What you produce should be an exact transcription of the data, minus any pictures.

**Given material**.
_ _ _ _ _

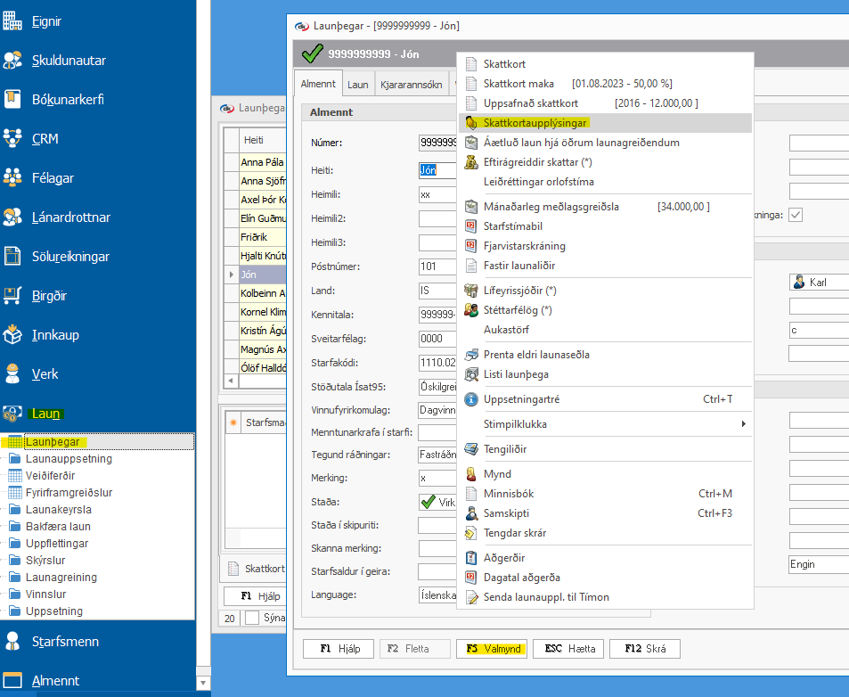 Laun > Launþegar > Tvísmellir á launþegann > F5 Valmynd > Skattkortaupplýsingar
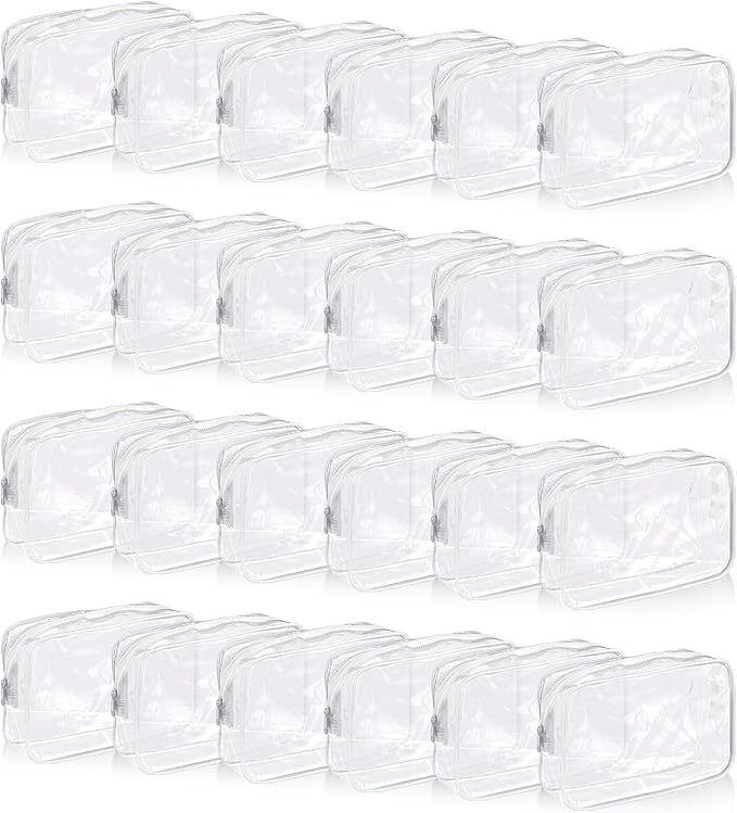 24 PCS Clear Makeup Bag with Zipper, Waterproof Transparent Toiletry Bag Organizer, PVC Portable Cosmetic Bags for Women Men Traveling Vacation Bathroom Home (White)
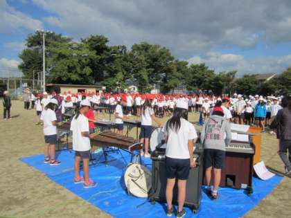 日野小学校の運動会では,音楽部の高学年のみんなが開会式や閉会式でも大活躍をしてくれます。運動会に向けて,開会式での校歌や優勝杯返還のファンファーレ,得点発表でのドラムマーチなどを色々な楽器を使い生演奏をしてくれます。今日の全校練習でも,青空のもと素敵な演奏をしてくれました。運動会の本番でも,素敵な演奏を響かせてほしいと思います。
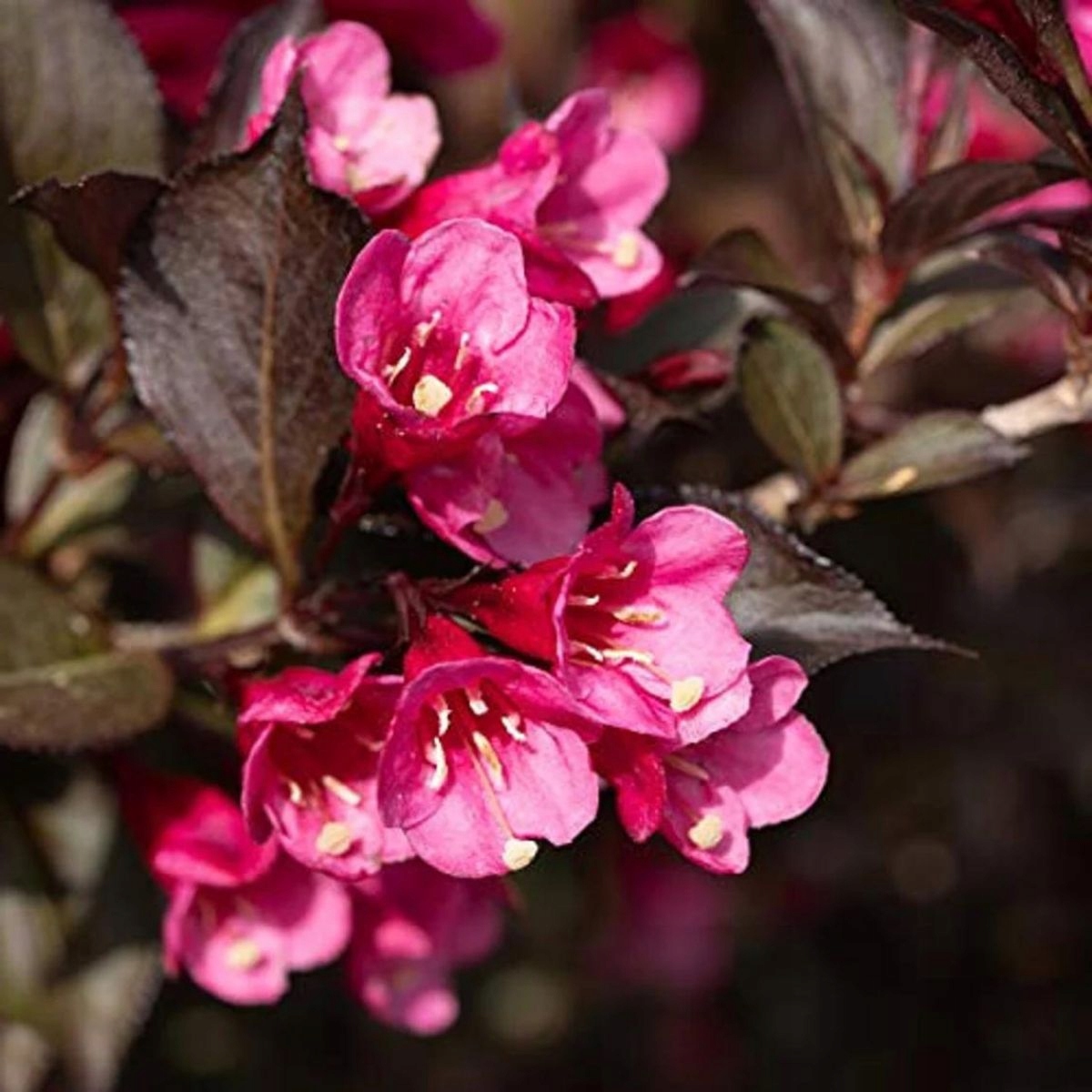 Коричнево-червоне листя, квітки пурпурно-червоні зовні, блідо-рожеві всередині, зібрані по кілька разом, у формі дзвоника, з’являються з червня по вересень.

_ _ _ _ _

**Output below**.
 Laun > Launþegar > Tvísmellir á launþegann > F5 Valmynd > Skattkortaupplýsingar
 24 PCS Clear Makeup Bag with Zipper, Waterproof Transparent Toiletry Bag Organizer, PVC Portable Cosmetic Bags for Women Men Traveling Vacation Bathroom Home (White)
 日野小学校の運動会では,音楽部の高学年のみんなが開会式や閉会式でも大活躍をしてくれます。運動会に向けて,開会式での校歌や優勝杯返還のファンファーレ,得点発表でのドラムマーチなどを色々な楽器を使い生演奏をしてくれます。今日の全校練習でも,青空のもと素敵な演奏をしてくれました。運動会の本番でも,素敵な演奏を響かせてほしいと思います。
 Коричнево-червоне листя, квітки пурпурно-червоні зовні, блідо-рожеві всередині, зібрані по кілька разом, у формі дзвоника, з’являються з червня по вересень.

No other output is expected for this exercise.